Décadence is not the essence of ressentiment, nor vice versa. Rather, they are particular conditions of the mimetic cycle, which itself cannot have an essence. Here another term from Mahayana Buddhism is useful — pratitya-samutpada (dependent conditioning). If nothing has an essence but things still somehow exist, then we need to understand the network of conditions that bring them into existence. Décadence, ressentiment, and the mimetic cycle are all dependently conditioning each other, and we cannot universalize/essentialize either their interactions or their individual functions. We do better to treat décadence as conditioned by the mimetic cycle while it also, in turn, is able to condition the cycle as mimesis (meaning-making). The same with ressentiment. We do better to treat mimesis and mimetics as parallel series that must be analyzed together while not collapsing the one into the other, or by making either one the master over the other. The best that we can or should say is that ressentiment and décadence (as well as affirmation and Yes-saying) are particular expressions of how the mimetic cycle is dependently conditioned by all of the factors that feed into the cycle, which means that the cycle is not a hermetically sealed entity with an essence. It is itself dependently conditioned while it conditions other things.

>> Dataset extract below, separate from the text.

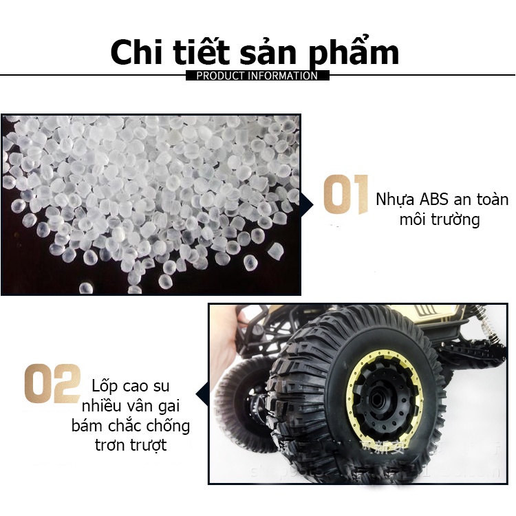 + 4 bánh dẫn động và hệ thống 4 lò xo giảm xóc riêng biệt, lốp bằng cao su mềm nhiều gai giúp xe chống chịu mọi va đạp và bám vào đường tốt hơn, thích hợp mọi địa hình như bê tông, cát, sỏi, đường nhựa
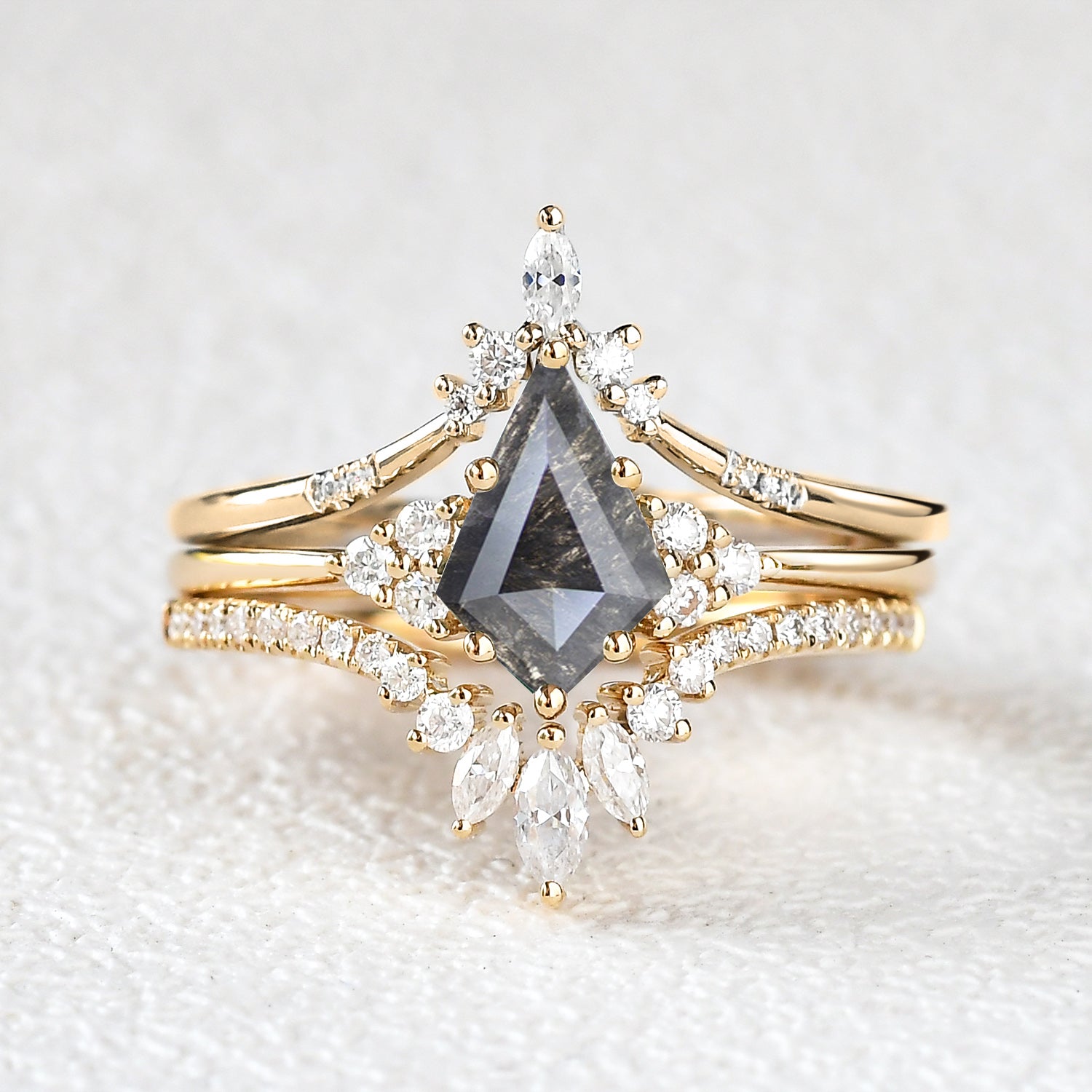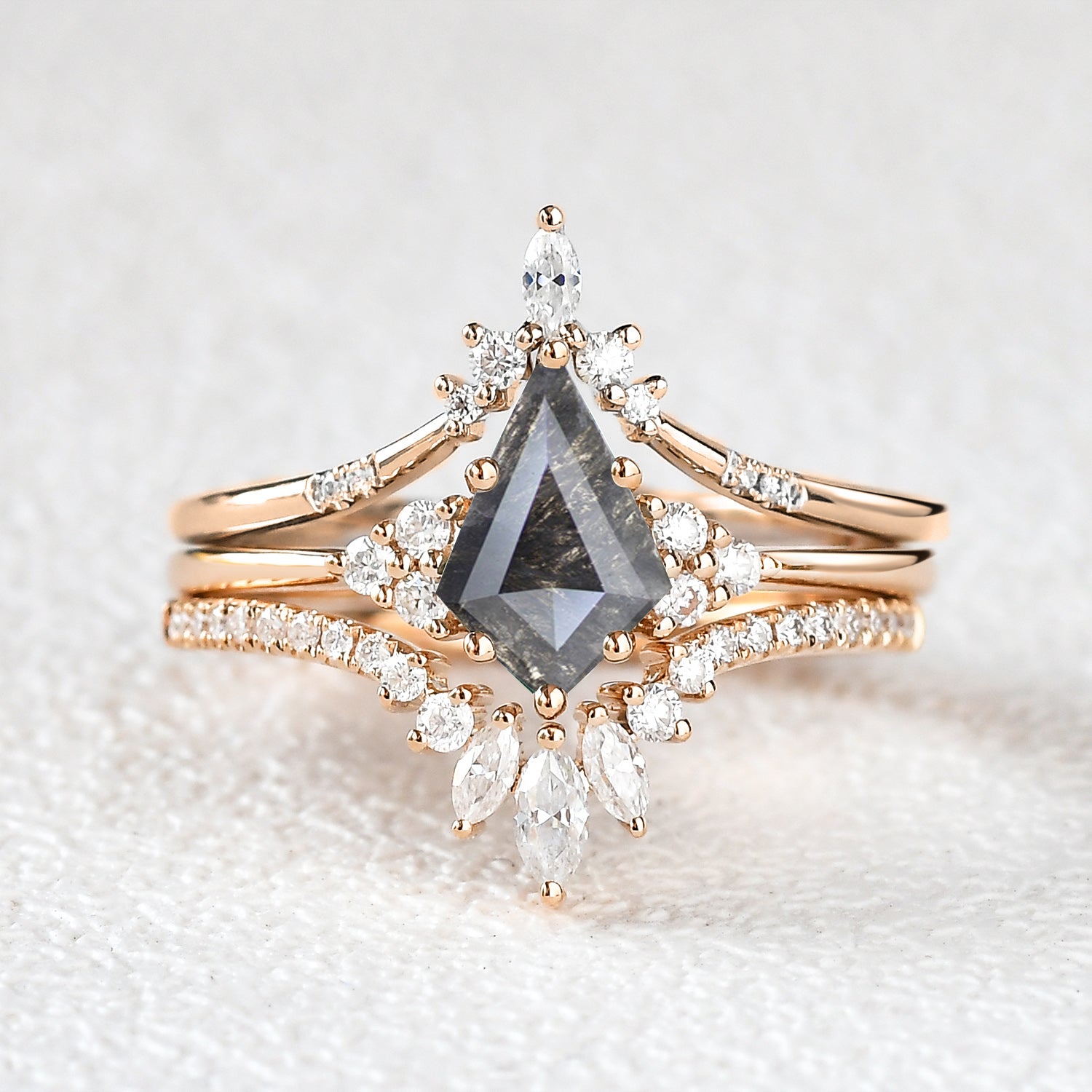 Kite Cut Darker Salt and Pepper Diamonds Ring Set 3pcs

Contrasting Buddhism with Christianity makes the former, for Nietzsche, a powerful combination of décadence and affirmation (as opposed to décadence versus affirmation). The opening paragraph of AC 20 seems to spell this out, but it took a very close reading for me to understand how “excessive sensitivity” and “depression” resulted from “hygienic measures” (practices) that made suffering impersonal. Other “countermeasures” needed to be created to keep the de-personalization of suffering from becoming décadence as an end in itself: “All these would be ways of strengthening that excessive sensitivity,” not an ascetic denial of it. We must deal with human violence and suffering but not give into the decadent trajectory of the resulting ressentiment. This makes ressentiment a necessary condition of a Buddhist/Jesus morality, but not the end to be sought. But then he continued his screed and buried the positive thread of those few aphorisms.
That said, it is powerful to be able to use the mimetic cycle to understand certain dynamics. One can easily see it everywhere, but I also want to be careful and hold onto a Mahayana emptiness (sunyãtã) within the cycle. This is where I take some inspiration from William James and Henri Bergson – I want to separate out the mechanics of the cycle (quantitative, measurable, spatial) from the way in which we invest the cycle with affective meaning (qualitative duration). There is an emptiness (Bergson’s difference in kind) between those parallel but interacting series that we should respect in any given explanation. As the Mulamadhyamakakarika reminds us, we always need to come back to what we are trying to explain. We are never standing above and outside of it exercising judgment fueled by ressentiment.